WHAT TO PRODUCE:
Your job is to print, exactly, the lines in the data below from the line with "VASAGLE Fernsehtisch für" through the line with "This engagement ring", both included, and to omit any picture.

Entries taken from a collection:
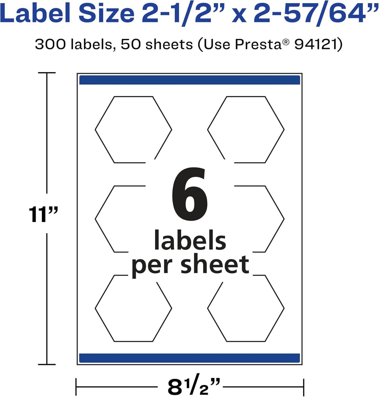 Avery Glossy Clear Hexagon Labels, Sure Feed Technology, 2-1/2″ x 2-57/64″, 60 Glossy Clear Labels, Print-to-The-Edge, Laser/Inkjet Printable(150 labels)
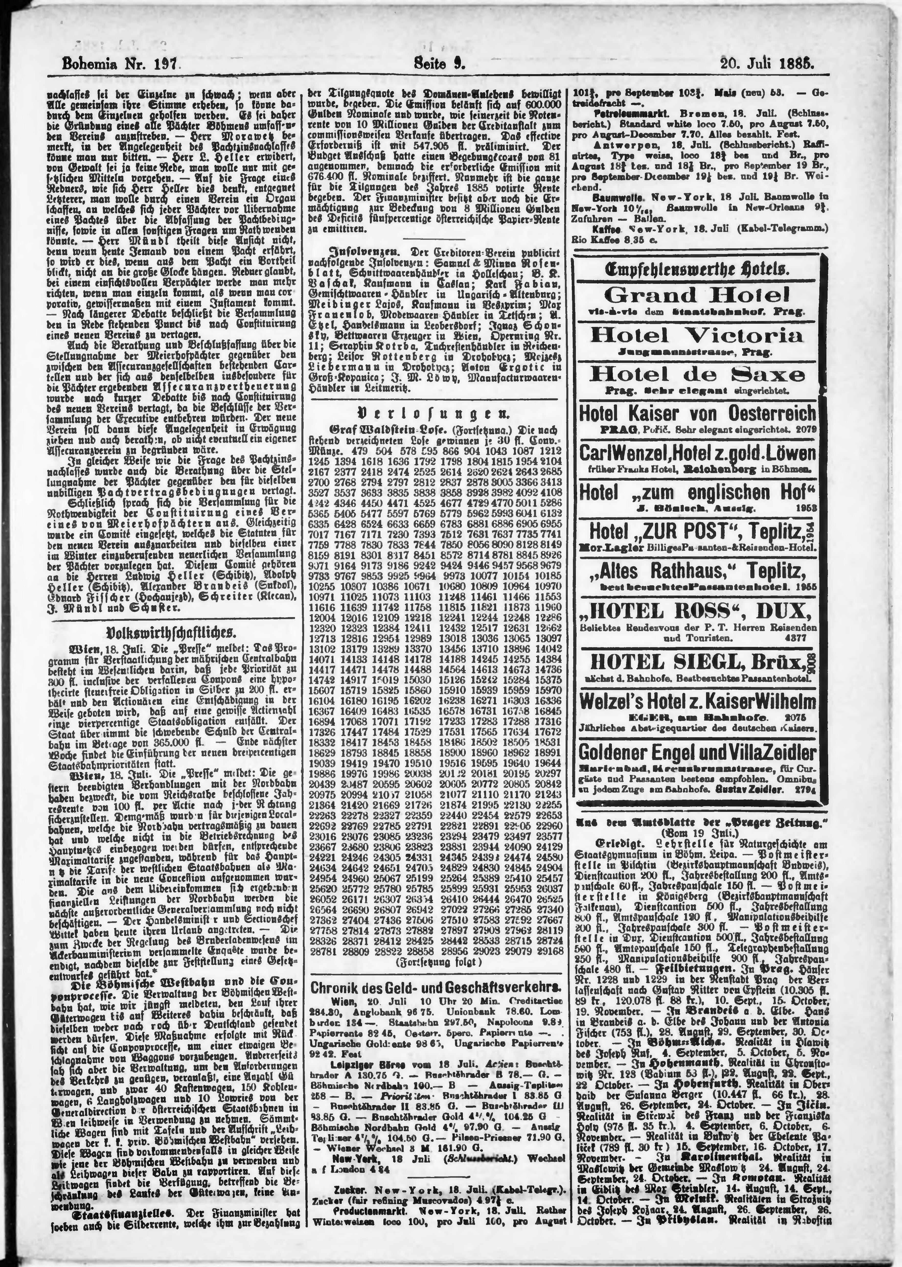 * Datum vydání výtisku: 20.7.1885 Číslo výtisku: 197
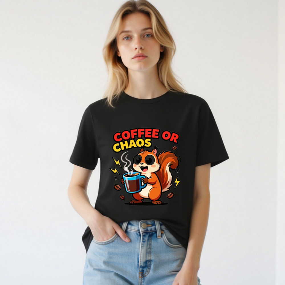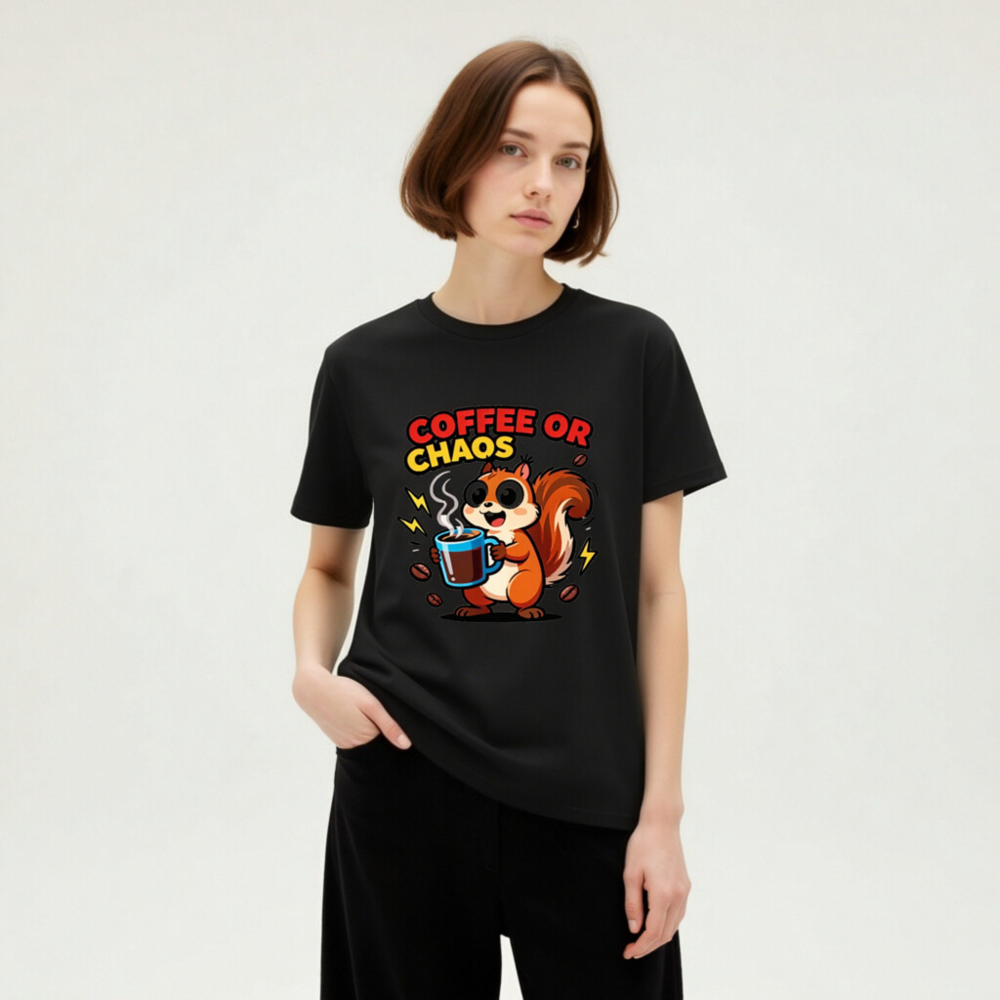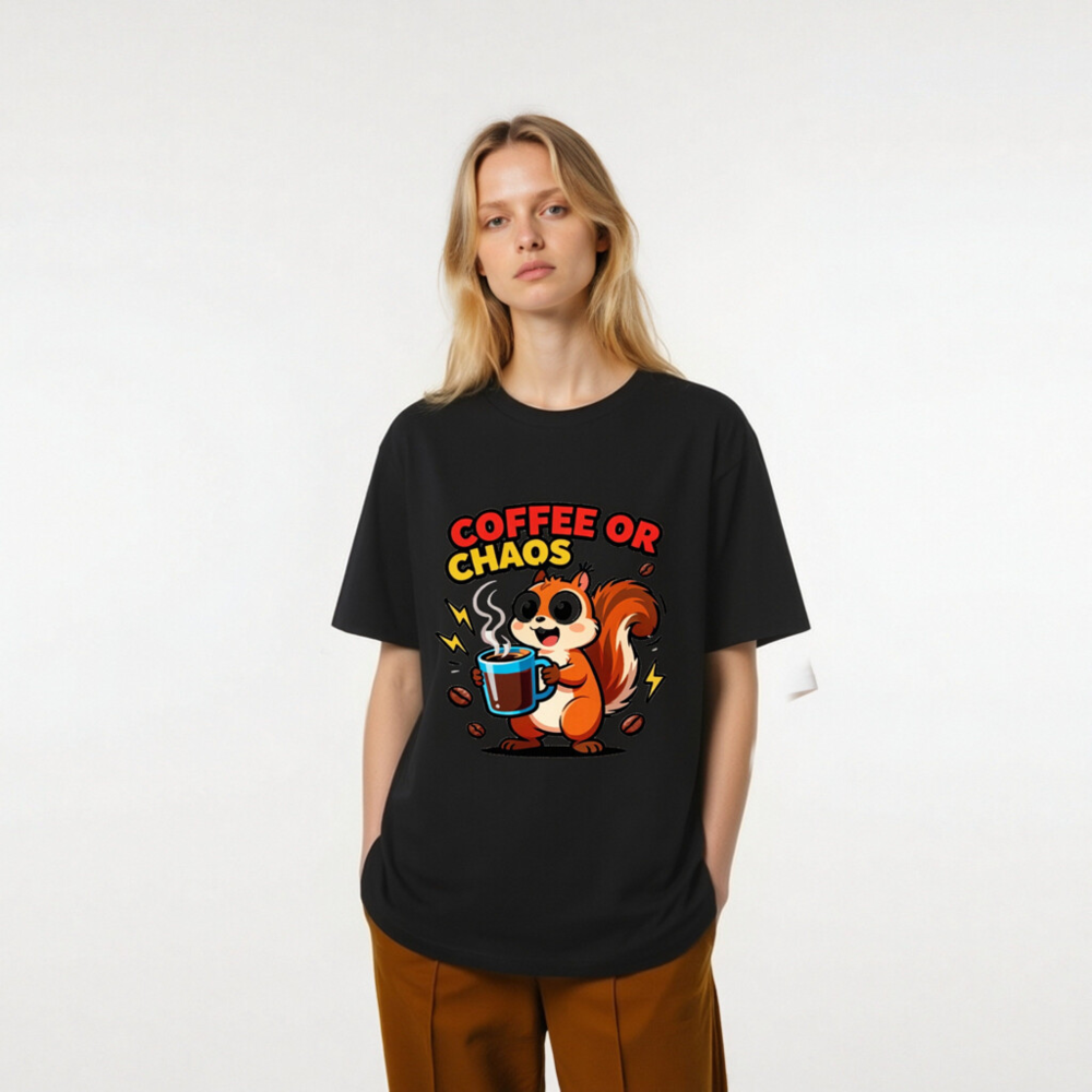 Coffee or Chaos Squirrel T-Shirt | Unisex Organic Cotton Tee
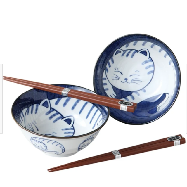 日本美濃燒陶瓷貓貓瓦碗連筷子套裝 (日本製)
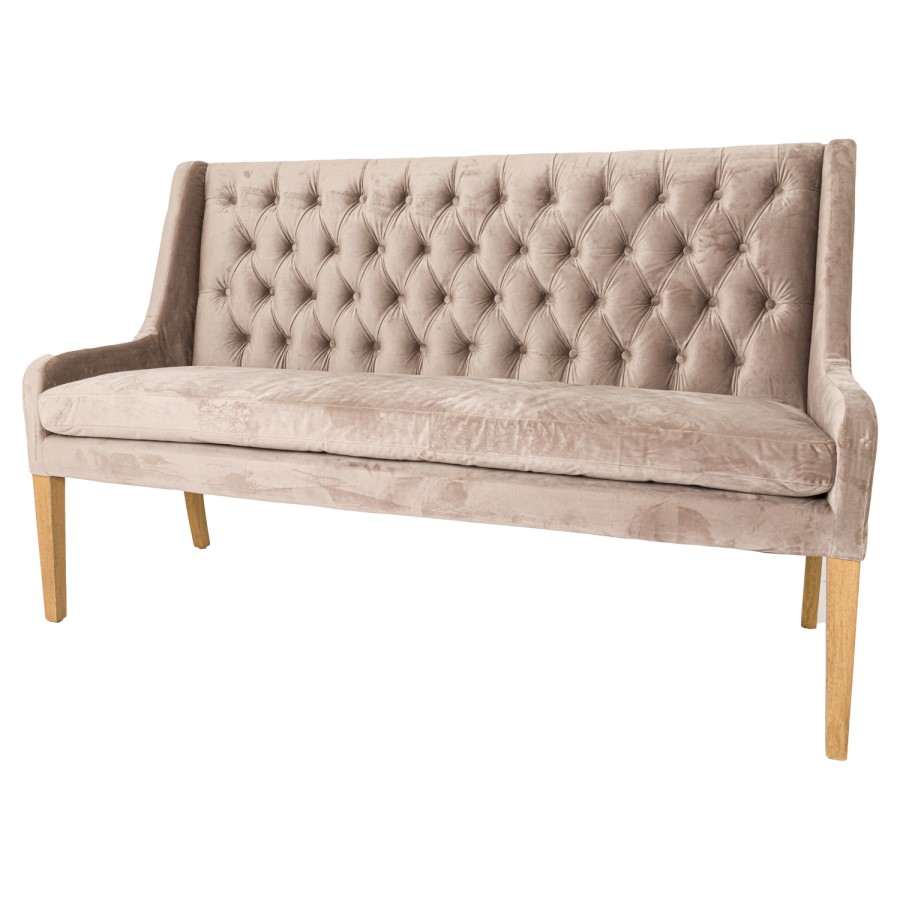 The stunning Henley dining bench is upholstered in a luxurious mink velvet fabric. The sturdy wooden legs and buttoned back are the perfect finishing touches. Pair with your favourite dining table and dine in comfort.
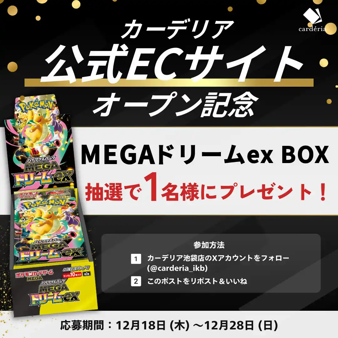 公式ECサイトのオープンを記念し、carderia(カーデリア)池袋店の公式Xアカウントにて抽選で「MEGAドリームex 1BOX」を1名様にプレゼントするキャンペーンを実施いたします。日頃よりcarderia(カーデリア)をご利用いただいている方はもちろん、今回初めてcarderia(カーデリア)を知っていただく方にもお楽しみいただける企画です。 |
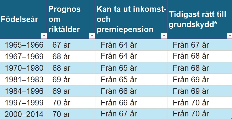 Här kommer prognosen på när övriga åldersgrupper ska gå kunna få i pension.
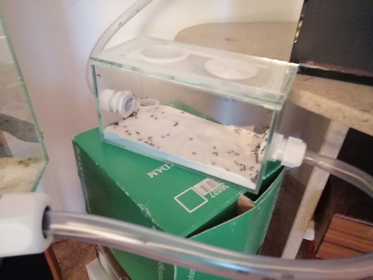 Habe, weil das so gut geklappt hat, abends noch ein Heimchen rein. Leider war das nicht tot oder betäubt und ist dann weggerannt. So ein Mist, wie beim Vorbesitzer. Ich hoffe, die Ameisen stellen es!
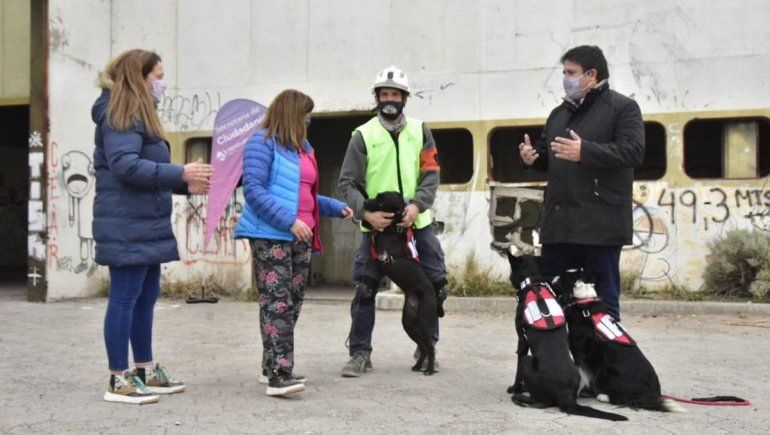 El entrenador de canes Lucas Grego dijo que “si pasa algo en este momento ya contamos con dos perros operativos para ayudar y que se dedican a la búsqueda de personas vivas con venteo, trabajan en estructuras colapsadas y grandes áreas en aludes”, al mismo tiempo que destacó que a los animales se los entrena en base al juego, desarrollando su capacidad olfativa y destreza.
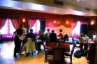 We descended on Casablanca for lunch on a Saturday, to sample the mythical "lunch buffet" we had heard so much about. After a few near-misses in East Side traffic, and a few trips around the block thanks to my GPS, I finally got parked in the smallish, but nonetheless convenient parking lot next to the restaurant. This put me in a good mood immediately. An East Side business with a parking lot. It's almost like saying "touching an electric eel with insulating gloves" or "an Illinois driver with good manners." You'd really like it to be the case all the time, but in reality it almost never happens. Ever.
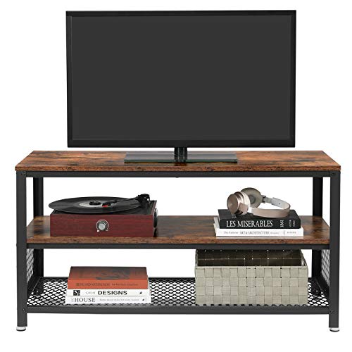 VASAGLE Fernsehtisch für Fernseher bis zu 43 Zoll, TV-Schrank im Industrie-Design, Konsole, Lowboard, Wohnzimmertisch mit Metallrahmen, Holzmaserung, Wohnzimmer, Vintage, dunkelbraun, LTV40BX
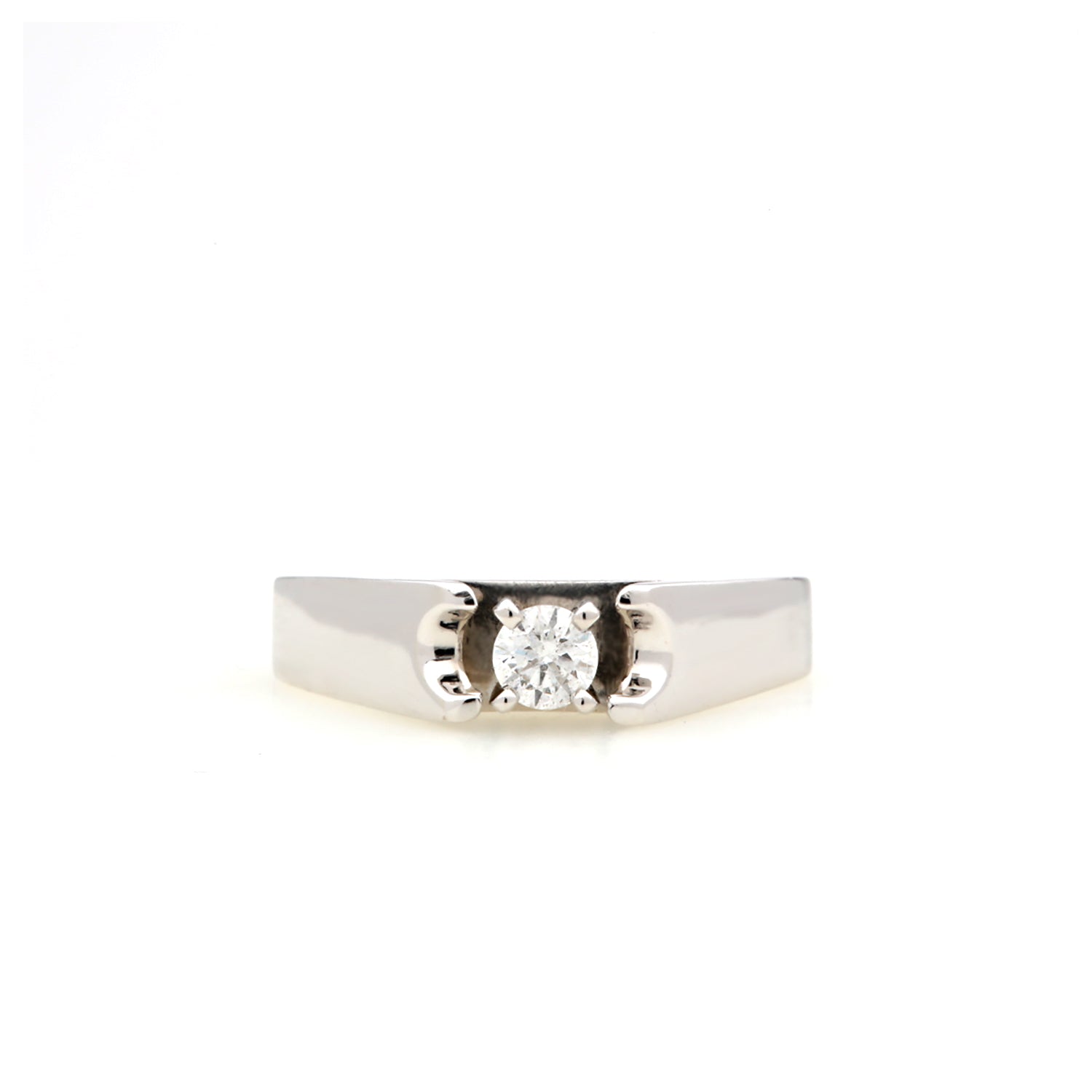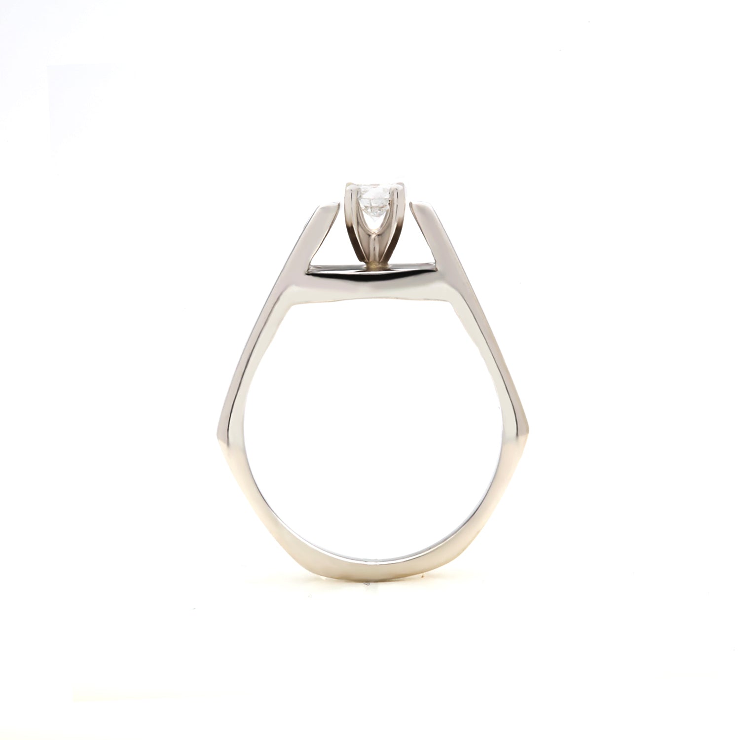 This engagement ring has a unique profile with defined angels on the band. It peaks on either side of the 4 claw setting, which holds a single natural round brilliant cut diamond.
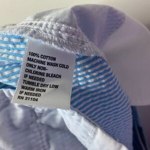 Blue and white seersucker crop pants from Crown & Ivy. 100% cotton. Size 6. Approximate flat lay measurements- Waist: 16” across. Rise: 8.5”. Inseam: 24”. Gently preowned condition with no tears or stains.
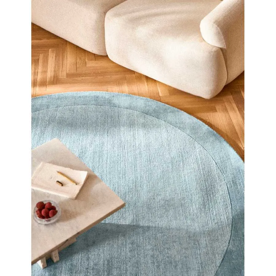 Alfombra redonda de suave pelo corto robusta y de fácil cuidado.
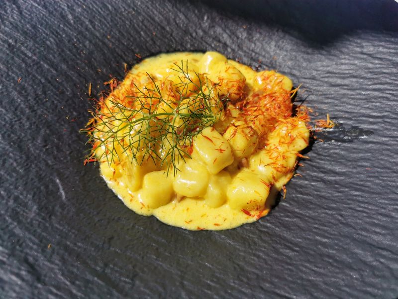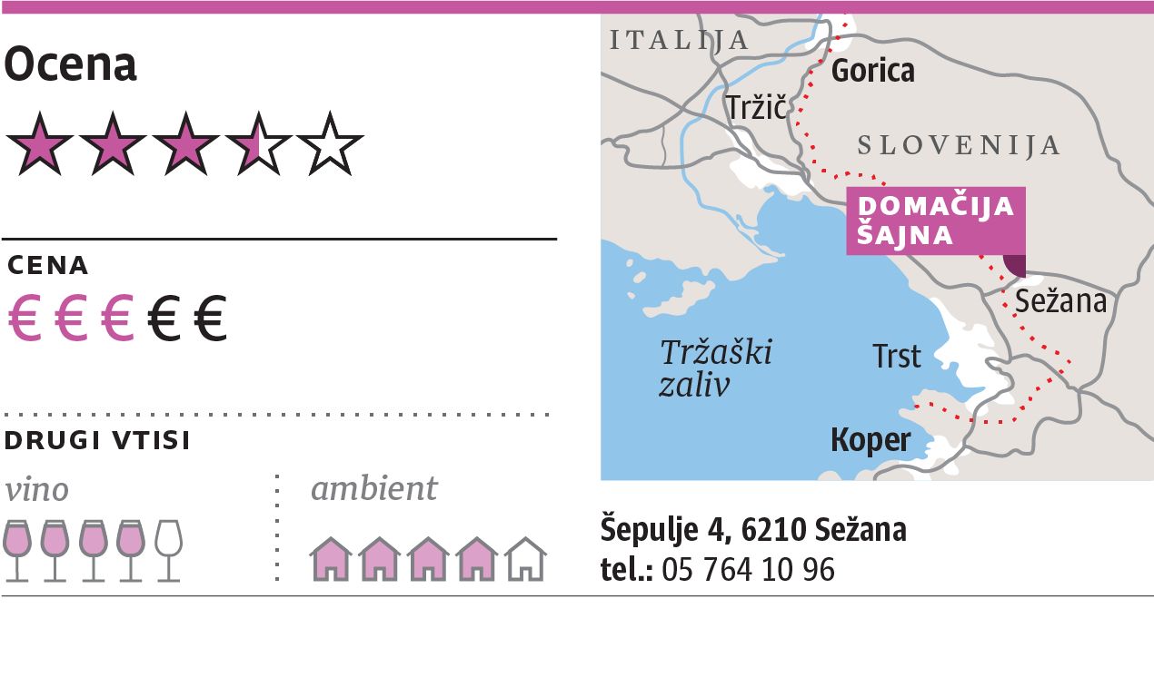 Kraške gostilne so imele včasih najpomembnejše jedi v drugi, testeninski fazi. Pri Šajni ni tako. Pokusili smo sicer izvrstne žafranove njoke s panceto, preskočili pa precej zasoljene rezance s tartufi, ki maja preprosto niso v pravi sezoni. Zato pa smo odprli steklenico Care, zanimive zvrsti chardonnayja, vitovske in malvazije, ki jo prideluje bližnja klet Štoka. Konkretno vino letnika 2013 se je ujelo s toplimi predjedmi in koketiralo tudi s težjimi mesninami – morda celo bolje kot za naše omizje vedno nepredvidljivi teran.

ANSWER:
 VASAGLE Fernsehtisch für Fernseher bis zu 43 Zoll, TV-Schrank im Industrie-Design, Konsole, Lowboard, Wohnzimmertisch mit Metallrahmen, Holzmaserung, Wohnzimmer, Vintage, dunkelbraun, LTV40BX
 This engagement ring has a unique profile with defined angels on the band. It peaks on either side of the 4 claw setting, which holds a single natural round brilliant cut diamond.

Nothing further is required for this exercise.